Materials and Methods The data used in this study were obtained from the Animal Breeding Center of Iran. The data were screened several times to remove the defective and out of range records. Growth curve parameters used in study were asymptomatic mature weight (A), Growth rate (B) and maturity rate (K). The procedure of SAS software was used for studying of fix effects. Based on body weight at different ages and using different initial values, each of the growth curve parameters was estimated using SAS software version 9.1 and NLIN procedure. Estimation of (co)variance components of growth curve parameters was conducted using Bayesian approach implemented in MTGSAM and Wombat software. The number of Gibbs sampling rounds used was 200,000 rounds.  Ten percent of these numbers (20,000 rounds) was burn-in. The convergence criterion for stopping repetitions in this analysis was also considered as 10 decimals (10-10). Sampling intervals of 200 and Gouss- Seidel 10000 repetitions were considered. In order to find the best model incorporating the constant and random effects affecting each of the parameters of the growth pattern, the following models, with and without regard to maternal effects including maternal additive genetic effects and permanent maternal environmental effects in the model (Meyer’s models) were tested.
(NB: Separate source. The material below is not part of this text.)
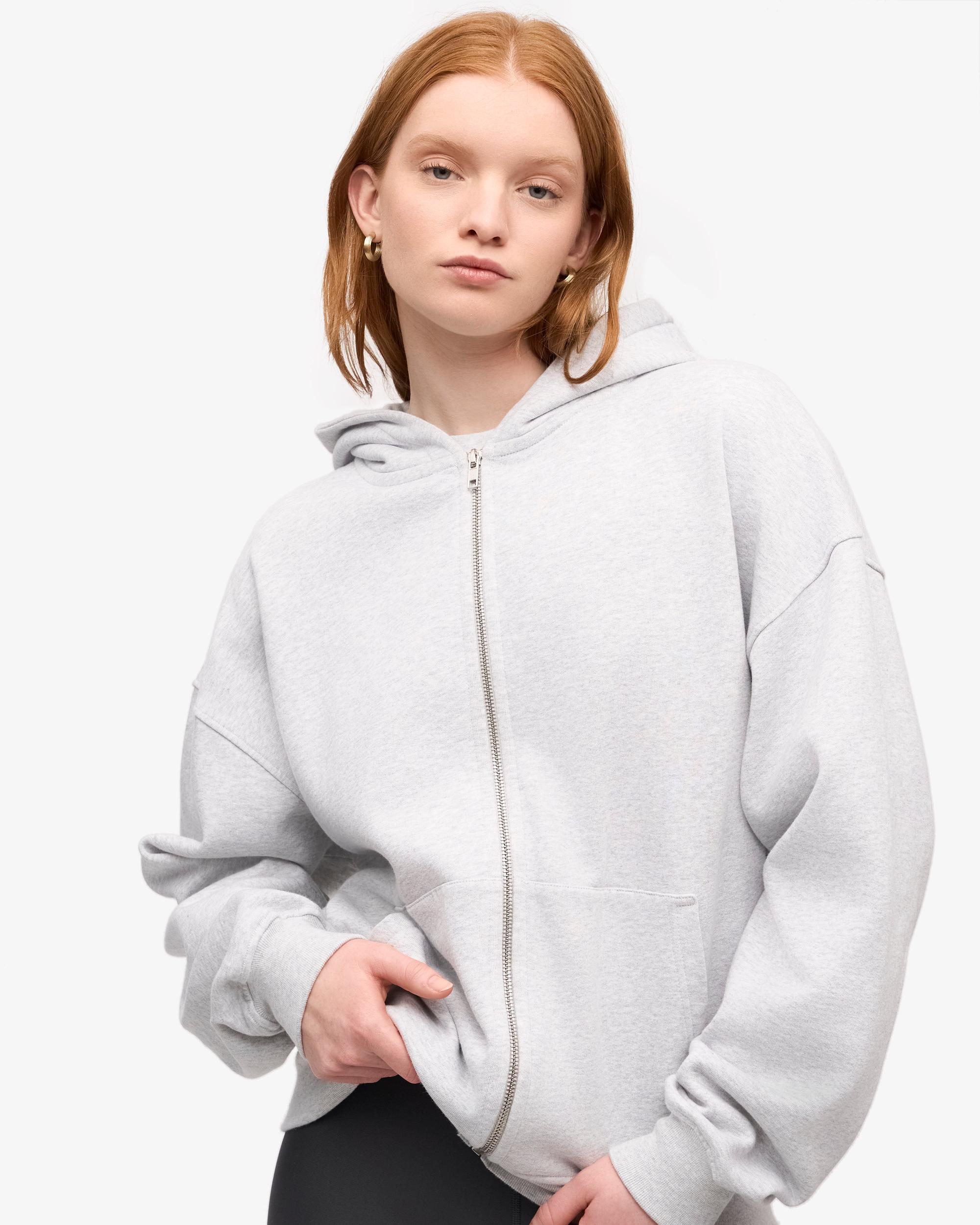 Organic Oversized Zip Hood - Snow Melange

Results and Discussion Environmental factors such as year of birth and sex of lamb showed significant influence on growth curve parameters (A, B and k) in Zandi sheep. Estimates of direct heritability is based on best models using REML and Bayesian methods for A, B and K were 0.064 and 0.14, 0.17and 0.16, 0.16and 0.18 respectively. Maternal heritability was in range of 0.006 - 0.08 and Proportion of environmental variance to phenotypic variance in range of 0.03 - 0.05 parameters growth curve. Among the growth curve parameters, only A and k have biological interpretation and therefore, relationship between them may provide necessary conclusions. Estimates of direct genetic correlation between growth curve parameters were 0.323, -0.429 and 0.803 between A-B, A-K and B-K, respectively. The positive and high genetic correlation between A and B parameters is evident as expected for common genetic and physiological mechanisms controlling these traits. Positive genetic correlation between these traits suggests that selection in one parameter of the growth curve would also improve the other parameter. Residual correlations between growth curve parameters varied form −0.296 (between A-K) to 0.732 (between B-K). Phenotypic correlations between growth curve parameters varied form −0.184 (between A-K) to 0.743 (between B-K). The phenotypic and genetic antagonism between A and k indicates that rapid reduction in growth rate after inflexion point results in lower mature weights. This finding would be helpful for improving selection by identifying the animal who reaches inflexion point earlier and attend higher mature weights later.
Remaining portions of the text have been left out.